The host galaxy turned out to be just as surprising. It is more than twice the mass of the Milky Way, which is rare for a gamma-ray burst host. Jonathan Carney, a graduate student at the University of North Carolina, Chapel Hill, who led the host galaxy study, noted the galaxy’s size stands in sharp contrast to the typically small galaxies associated with most stellar-collapse gamma-ray bursts. The burst’s position also ruled out any connection to the supermassive black hole at the galaxy’s core.
Gompertz said the explosion released energy equivalent to a thousand Suns burning for 10 billion years. Webb’s NIRCam instrument also revealed a dark dust lane cutting across the galaxy’s center, and the burst had shone directly through it. “The resolution of Webb is unbelievable,” said Huei Sears, a postdoctoral researcher at Rutgers University who led the NIRCam observations. “We can see so clearly that the burst shined through this dust lane spilling across the galaxy.”
A Black Hole Eating a Star May Have Powered the Longest Explosion Ever Seen

Neither of the two established origins for gamma-ray bursts—the collapse of a massive star or the merger of two neutron stars—can produce jets lasting seven hours. That’s what makes GRB 250702B such a puzzle, and why researchers have proposed something far more unusual. The leading explanation among Neights and her team is what scientists call a helium merger: a stellar-mass black hole, roughly three times the mass of the Sun, spiraling into and consuming a companion helium star from the inside out.

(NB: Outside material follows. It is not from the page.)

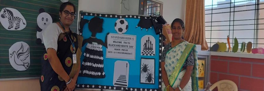 The Pre-KG students of Standard Kids joyfully celebrated Black & White Day: Learning Through Shades! on 22nd January 2025. This exciting event was thoughtfully designed to introduce young learners to the concept of colours, helping them recognize and differentiate between black and white in an engaging way. The atmosphere was filled with enthusiasm as children arrived in adorable black-and-white outfits, ready to explore these two contrasting shades.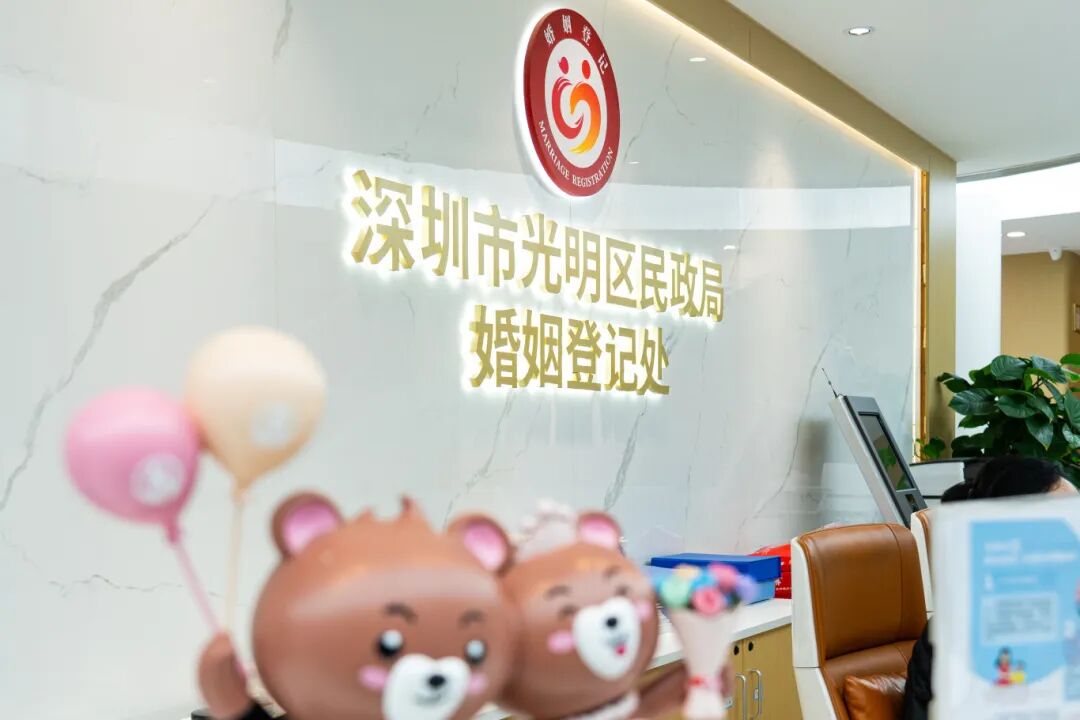 光明区民政局婚姻登记处在光明区新城公园内,从停车场按照指示牌步行,约十分钟即可到达。七夕当天,在这里登记的新人络绎不绝,多对在光明相恋、相识、相知的新人,在今天正式掀开他们的浪漫新篇章。

Under this model, the companion star has already lost its outer hydrogen layers, leaving behind a dense helium core. As the black hole’s orbit tightens, it moves into the body of the star and begins consuming it rapidly. All of that angular momentum feeds into the black hole, generating a long-lived jet. The model also predicts a supernova as the black hole devours the star from within, though the enormous amounts of dust surrounding the host galaxy prevented even Webb from detecting it.
A second theory involves an intermediate-mass black hole, one weighing several thousand times the Sun’s mass, shredding a passing star through tidal forces, a scenario scientists call a tidal disruption event. The helium merger remains the leading explanation among the gamma-ray team, though neither has been ruled out. With the question still open, Neights is now preparing the Compton Spectrometer and Imager telescope, set for launch in 2027, to detect future long-duration bursts.